Идти с дядькой на поле он наотрез отказался, предпочтя остаться в экипаже, неподалеку от буфетных лавок. Рядом с Петром было оставлено еще несколько экипажей, и он невольно услышал разговор двух ямщиков:
– … а подарки-то я слыхал и впрямь царские. Говорят, будто в цветной платок завернуто полфунта колбасы, сайки, конфет разных, а еще орехи, пряники, да кружка та, что… – мужик замялся, вспоминая нужное слово. – Ну как это? Которая вечная.

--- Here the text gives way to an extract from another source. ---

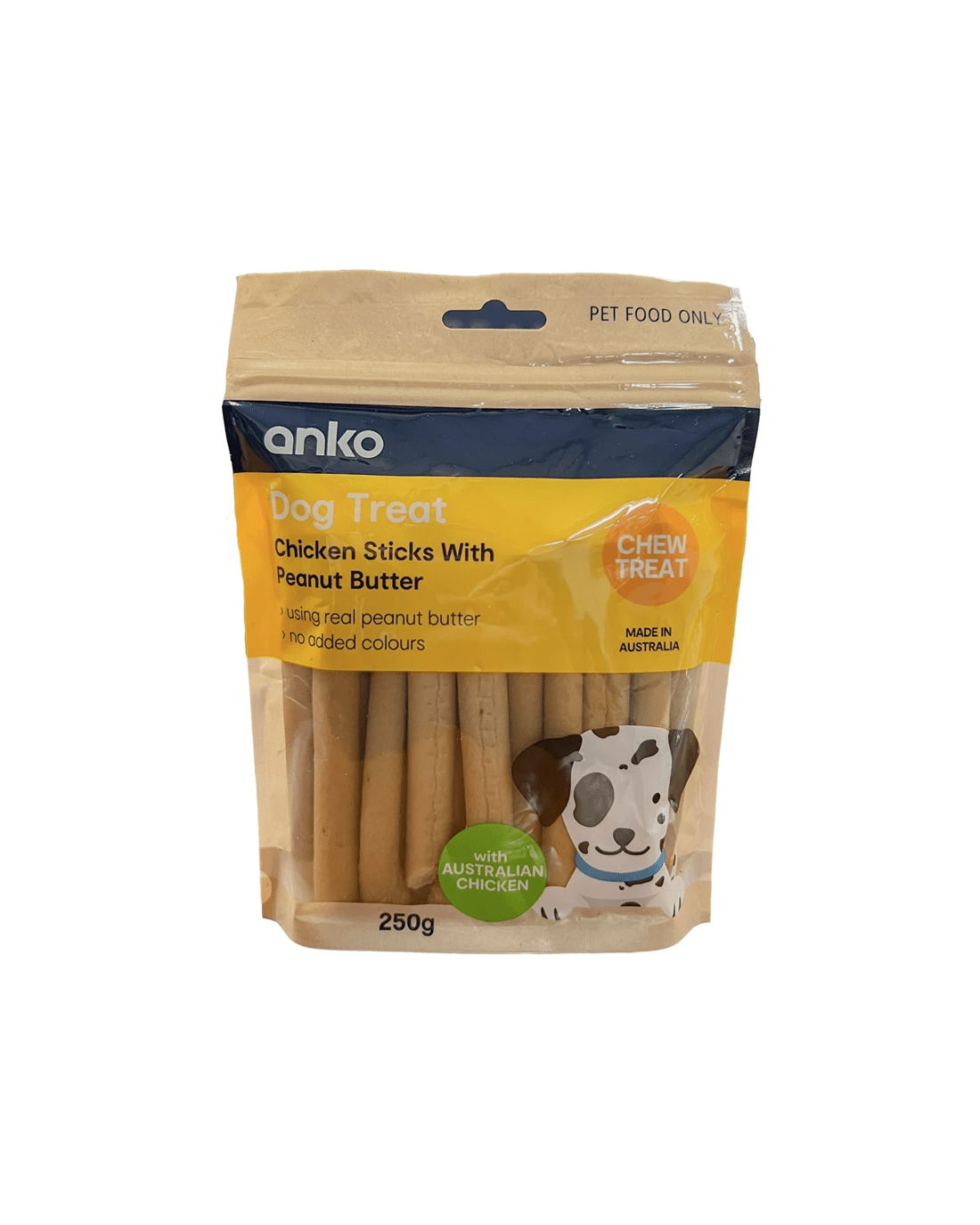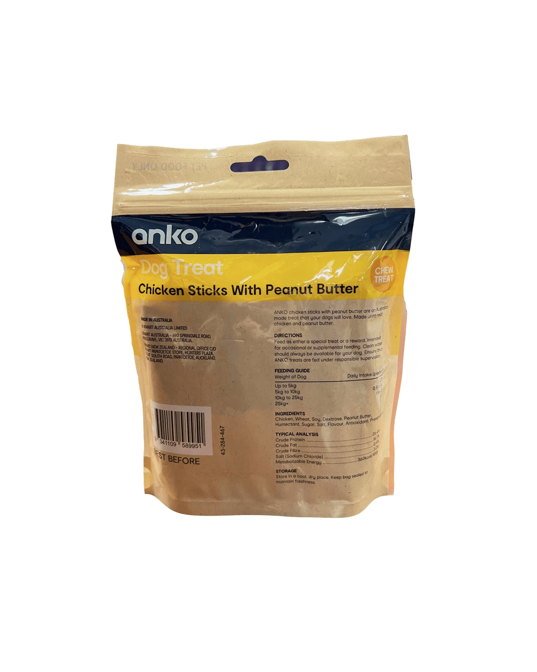 - Ingredients: Chicken, Wheat, Dextrose, Peanut Butter, Humectant, Sugar, Salt, Flavours, Antioxidant, Preservatives

– Ну?! – изумился второй ямщик.
– Вот тебе и ну! А еще зрелища, говорят, не виданные будут.
– Это ж, какие еще такие зрелища?
– А такие! – продолжил рассказывать, с горящими глазами, первый ямщик. – Будто представления будут из разных опер и цирк с дрессированными зверятами приедет.
– Ну?! – снова изумился второй ямщик.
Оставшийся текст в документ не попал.